It’s the 21st Century, and the environment is taking a huge hit due to air pollution. Experts say that the major cause of concern is the carbon dioxide and carbon monoxide produced by transport vehicles such as ships, airplanes, and road vehicles.
To counter the harmful effects of pollution, scientists and engineers have been working on several new ideas. One such idea is the catalytic converter. This small component neutralizes the lethal gases produced by engines and converts them to environment-friendly gases.
Although motorcycles are owned by a small number of people, they are still a large part of the pollution equation. According to research by the California Air Resources Board, a motorbike is ten times more harmful to the environment than any SUV, truck, or sedan.
They consume less fuel but produce more lethal gases. Therefore, just like cars, motorbikes also have catalytic converters.
What is a Catalytic Converter?
A catalytic converter is a small yet effective emissions control component that reduces the effect of harmful gases and makes the engine output more acceptable for the environment. In other words, a catalytic converter works as a filter.
It is a necessary device that must be in every vehicle whether it is a car or a motorcycle.

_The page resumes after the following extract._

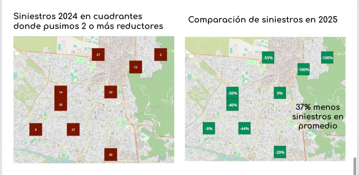 Por ejemplo, en Av. Arenales, precisamente en el ingreso a Popeye, se bajó un 55% los siniestros con la colocación de reductores. Desde que hay reductores en diferentes zonas de la ciudad, los accidentes en esos lugares disminuyeron un 37%.

Without it, global carbon production will skyrocket, and the environment will suffer.
You might ask: Are catalytic converters really necessary for motorbikes? Let’s answer that and a few more questions you might have.
Are catalytic converters required on motorcycles?

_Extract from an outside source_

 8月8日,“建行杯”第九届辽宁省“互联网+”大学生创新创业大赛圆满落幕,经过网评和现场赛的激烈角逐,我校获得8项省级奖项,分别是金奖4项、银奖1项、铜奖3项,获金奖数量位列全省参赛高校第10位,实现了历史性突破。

Yes, absolutely! Anything that has an engine, produces carbon waste and motorbikes are no different. Therefore, a bike must have a catalytic converter installed.
Moreover, as we have discussed above, two-wheelers are responsible for making more emissions compared to larger vehicles. Therefore, there is a bigger requirement for motorcycles to have catalytic converters.
When Did Motorcycles Get Catalytic Converters?
The crackdowns against motorbikes are not new. The relevant authorities have been working to control motorcycle emissions for a long time, but the law formally started taking effect in 2008.
Back then, only 20% of motorbikes had catalytic converters, but the number has steadily risen, and now almost all the bikes in the market have one.
In the United States, you cannot ride a motorcycle without a cat converter or without passing the emission safety test. In Europe, the rule is a bit stricter, especially after the introduction of Euro 4 emission standards.
How much is a motorcycle catalytic converter worth?
An average motorcycle catalytic converter costs around $100. The price can increase or decrease depending on the quality and materials used. However, you can find a good deal if you are searching at a scrapyard. Used cat-converters are easy to find, and they do not cost a fortune.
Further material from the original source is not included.